Des épées de Damoclès ou les saucissons de Guy Roux

Le coup de gueule de Jean-Pierre Detremmerie dans nos colonnes il y a deux semaines (« Les agents de joueur sont le cancer du foot ») doit peupler les nuits de Jan Peeters depuis qu’il a appris s’être fait pigeonner dans l’affaire du match amical contre le Costa Rica.

Tout le monde du foot est logé à la même enseigne: présidents de club et de fédération. Un jour ou l’autre, on se réveille, mais les regrets sont tardifs. Et inutiles. Le système du foot a toujours admis l’existence de « managers », à tel point qu’aujourd’hui, certains dirigeants ont des membres de leur famille qui pratiquent ce métier. On voit même des dirigeants éclairés être eux-mêmes agents.

Bien évidemment, la corporation se retranche derrière la respectabilité de son titre d’agent reconnu FIFA qui peut se transformer (comme on s’en est rendu compte dans le cas de l’affaire Costa Rica) en permis de voler.

Cela étant, si la colère des dirigeants à l’égard des managers est très souvent légitime et lève comme un incendie de forêt à un moment de l’histoire du foot belge où on compte ses sous comme jamais, ils feraient bien, également, de regarder dans leur propre jardin. Et de travailler à long terme, dans la patience, comme Auxerre le fait avec Guy Roux.

Le football belge se retrouve avec tellement d’épées de Damoclès au-dessus de la tête parce qu’il a trop vécu au-dessus de ses moyens en creusant le trou de ses propres dettes pour courir derrière le succès. Au-dessus de la tête de Guy Roux, il n’y a que des saucissons qui pendent.

Pourtant, en voyant à l’oeuvre les gamins de Malines samedi dernier contre Anderlecht, on doit bien constater une fois de plus qu’il y a du talent en Belgique. Des ados de 16, 17, 18 ans ont plusieurs fois donné le tournis aux millionnaires anderlechtois! C’est plus que la beauté du sport, c’est la preuve qu’il ne faut pas toujours aller chercher à l’étranger ce qui existe en Belgique. Un des plus gros problèmes du football belge est le fait de se sous-estimer, ce qui conduit aux excès qu’on connaît dans bien des clubs en difficultés qui conservent des effectifs pléthoriques.

Le court terme a toujours été favorisé.
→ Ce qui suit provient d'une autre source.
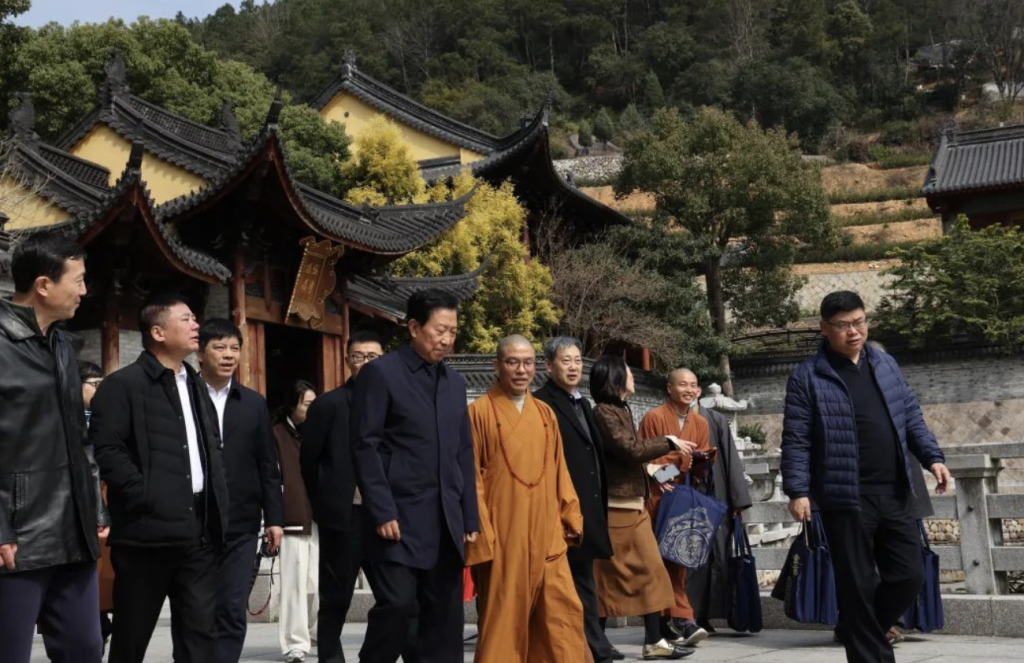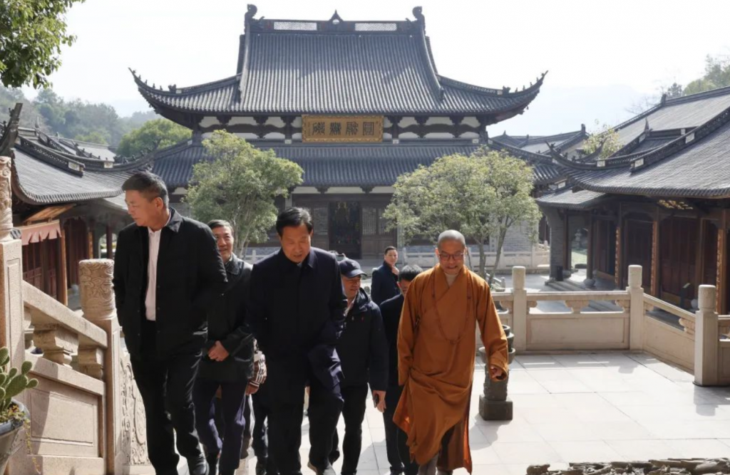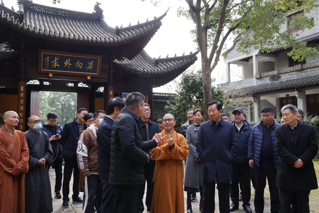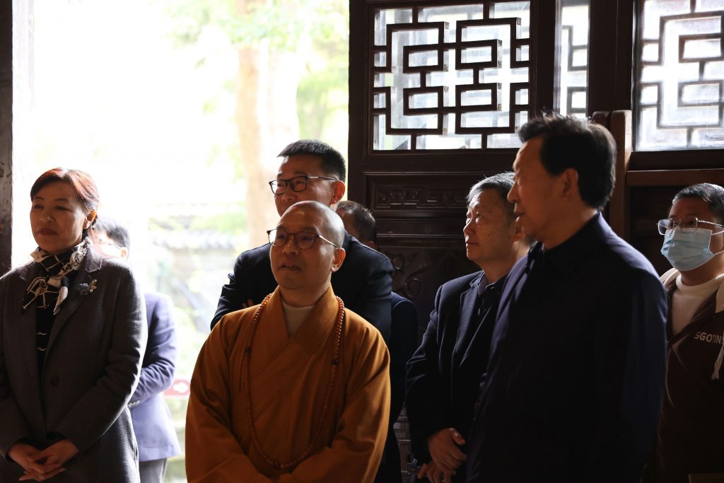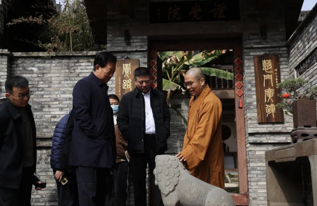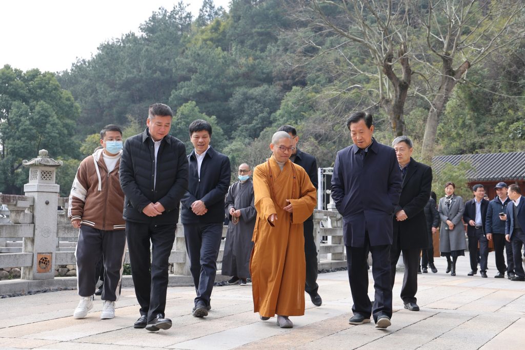 2023年2月23日上午,全国人大华侨委委员、省十二届人大常委会党组书记、副主任王辉忠、省人大常委会委员、民宗侨外委主任委员林天宁、省人大常委会外事工委主任宋建勋等领导一行7人,在市人大常委会党组书记、主任葛益平、市人大常委会党组副书记、副主任陈建明、瓯海区委书记曾瑞华、瓯海区人大常委会副主任李康等相关领导的陪同下,莅临头陀寺考察调研。头陀寺方丈悟智大和尚热情接待了调研组一行,并汇报相关工作。
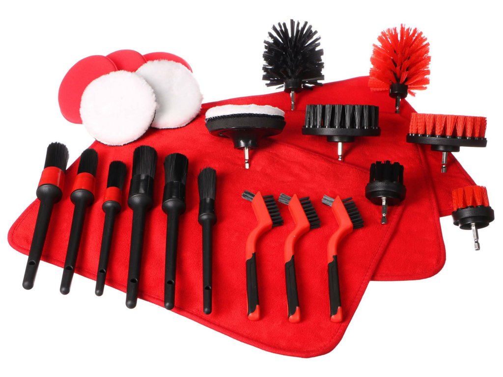 Všestranná sada čistících a mycích nástrojů CAR DETAILING 33 vám pomůže s kompletní údržbou povrchů interieru a exterieru vašeho vozu. Sada obsahuje detailní nylonové štětce na čištění špatně dostupných míst jako jsou záhyby ve dveřích a středovém panelu, leštící polštářky na vosk vaší karoserie, mycí houby a rukavice na mytí exterieru vašeho vozu, kartáče na vrtačku různých velikostí a tvrdostí pro čištění kovových částí, kartáč s omyvatelným a odnímatelným návlekem pro čištění ventilačních mřížek, unašeč na vrtačku s vlněnými leštícími polštářky a utěrky z mikrovlákna pro zachování lesku. Celá sada je uložena v praktické přenosné brašně na zip. Díky sadě CAR DETAILING bude váš vůz zářit čistotou.Hlavní výhody:
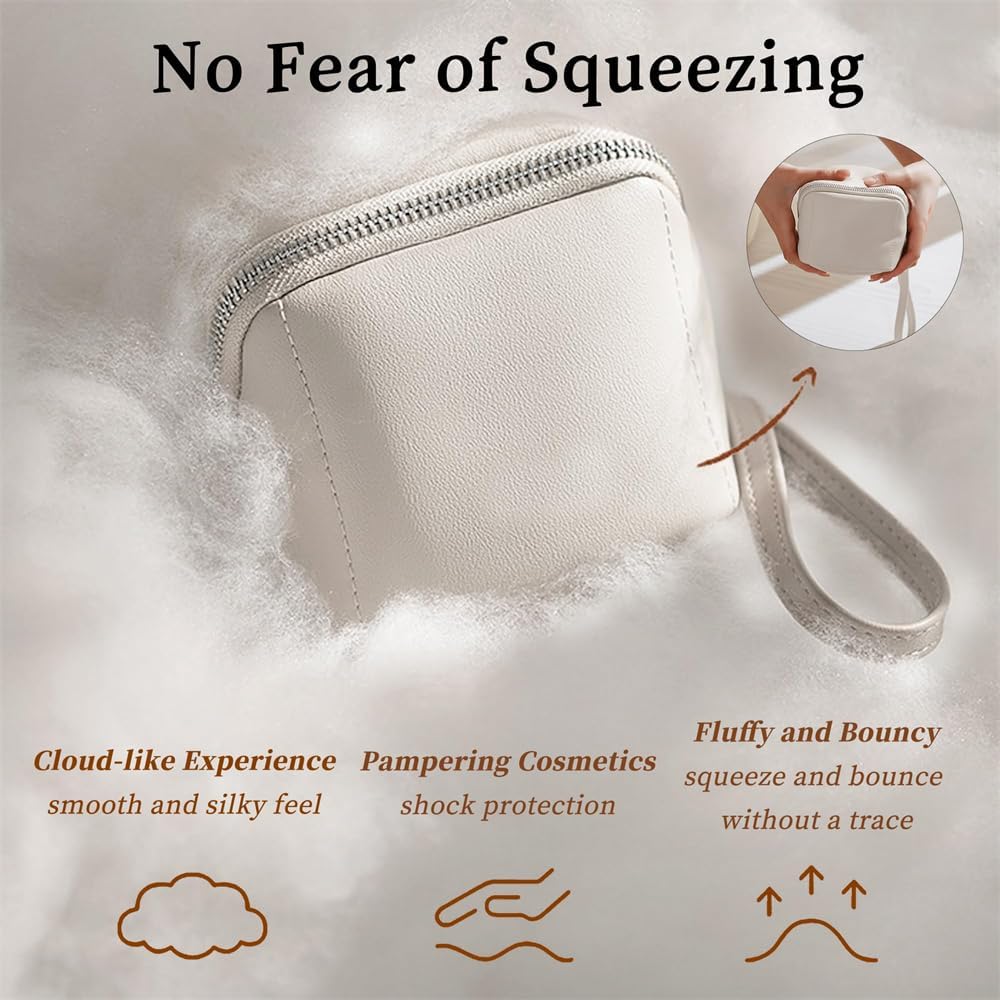 Mini Makeup Bag, AZONEE Small Pillow Cosmetic Bags, PU Portable Pouch with Compartments, Travel Essentials for Women, Soft Flat Organizer with Zipper Lanyard (White)

Et dans le but d’obtenir des résultats miraculeux, on satisfait aux désirs d’un entraîneur en engageant les footballeurs dont il détermine le profil. Mais lesdits joueurs sont toujours sous contrat au moment où l’entraîneur s’en va et où le nouvel arrivé dicte sa liste de courses. Des manoeuvres qui se déroulent toujours avec la bénédiction des agents de joueurs qui -c’est bien connu- ne gagnent de l’argent qu’à condition que les sportifs changent de clubs.

L’argent de la formation file malheureusement sur les comptes en banque des agents et de leurs clients. Et il ne sera jamais récupéré par des clubs à l’équilibre financier rompu.

Pour faire de la formation, il aurait fallu des dirigeants clairvoyants qui décident à long terme de s’engager avec un entraîneur qui favorise le passage des jeunes vers l’équipe Première. C’est l’abc de la direction de club mais la Belgique a raté quelques virages dans ce domaine depuis des années. Et comme par hasard, on en est arrivé à une situation où nombre de clubs sont dans le rouge.

Comment va évoluer le football belge? En tout cas, en voyant la fidélité des supporters de Malines et des autres petits clubs, on doit bien réaliser que ces gens-là ne vont pas terminer d’aimer leur club lorsque la D1 sera réduite à 12 participants. Ils vont se battre pour qu’il se relance à partir de la D3 et n’iront jamais gonfler les rangs des cercles qui auront survécu au couperet de la licence pro. C’est aussi pour ça que les localités doivent faire tout ce qu’elles peuvent pour conserver le foot dans leur tissu socioculturel.

Les politiciens ont raison de dire que le sport est important pour la jeunesse, mais ils doivent savoir que le sport pour tous n’a aucune chance sans clubs locomotives en bonne santé.